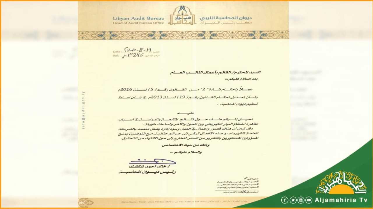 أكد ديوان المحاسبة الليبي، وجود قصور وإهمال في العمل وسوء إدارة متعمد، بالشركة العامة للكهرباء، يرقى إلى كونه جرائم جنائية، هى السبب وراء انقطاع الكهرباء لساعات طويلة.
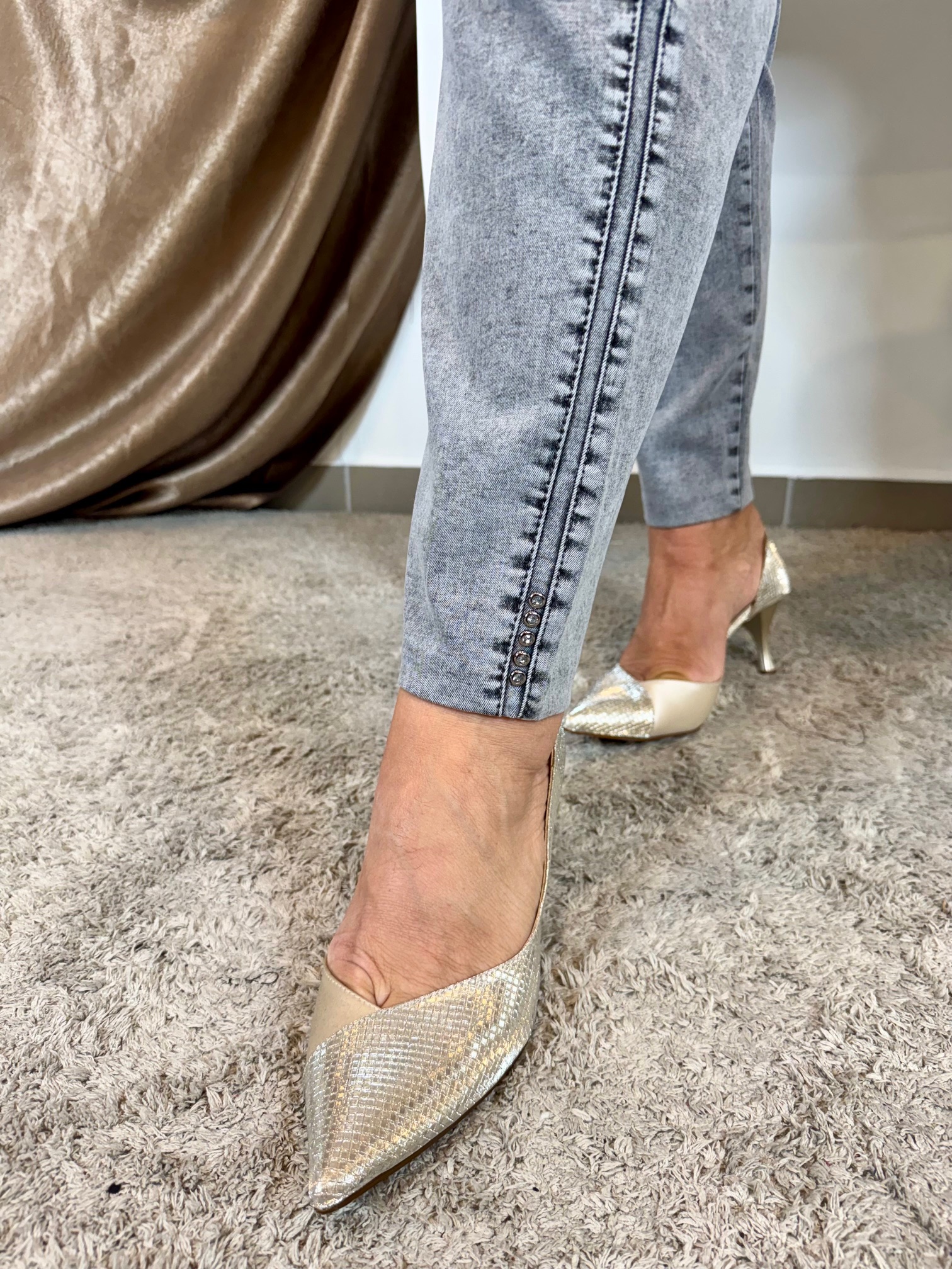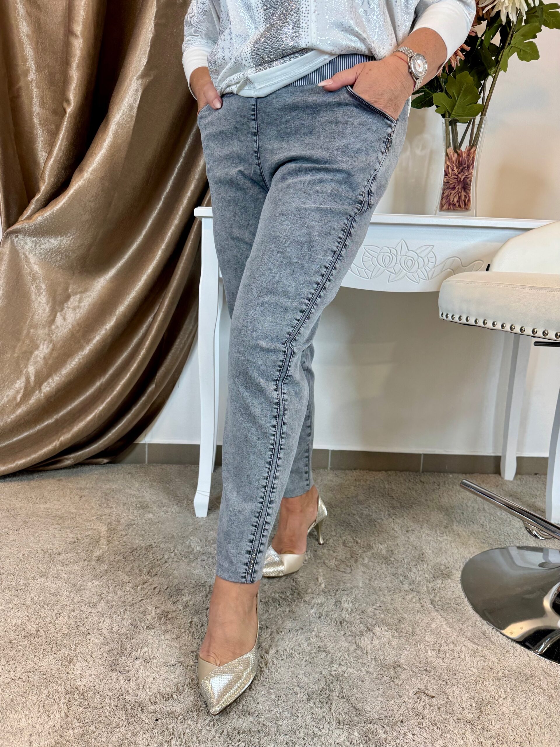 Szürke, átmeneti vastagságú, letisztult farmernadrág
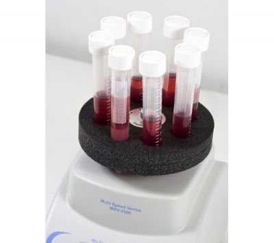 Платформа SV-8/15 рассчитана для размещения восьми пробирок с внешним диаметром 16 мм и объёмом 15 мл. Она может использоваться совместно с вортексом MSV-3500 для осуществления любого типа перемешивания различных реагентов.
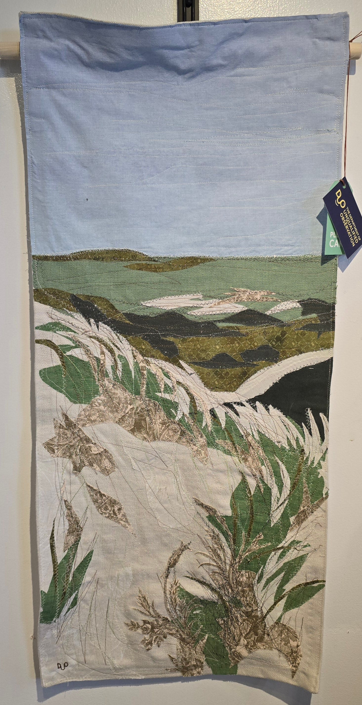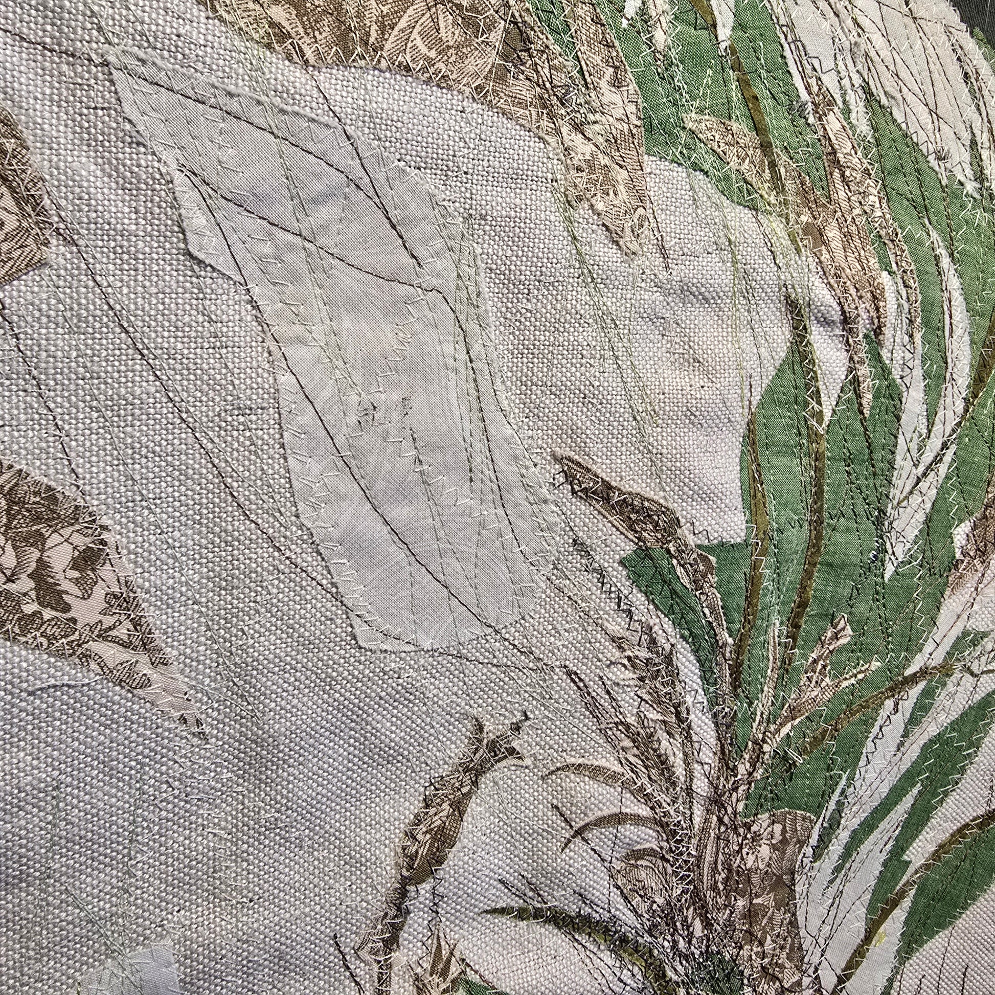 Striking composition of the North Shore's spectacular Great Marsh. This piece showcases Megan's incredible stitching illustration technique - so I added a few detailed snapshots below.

PROBLEM DESCRIPTION: Transcribe the material exactly, keeping every word and none of the pictures.

RESPONSE AREA:
 أكد ديوان المحاسبة الليبي، وجود قصور وإهمال في العمل وسوء إدارة متعمد، بالشركة العامة للكهرباء، يرقى إلى كونه جرائم جنائية، هى السبب وراء انقطاع الكهرباء لساعات طويلة.
 Szürke, átmeneti vastagságú, letisztult farmernadrág
 Платформа SV-8/15 рассчитана для размещения восьми пробирок с внешним диаметром 16 мм и объёмом 15 мл. Она может использоваться совместно с вортексом MSV-3500 для осуществления любого типа перемешивания различных реагентов.
 Striking composition of the North Shore's spectacular Great Marsh. This piece showcases Megan's incredible stitching illustration technique - so I added a few detailed snapshots below.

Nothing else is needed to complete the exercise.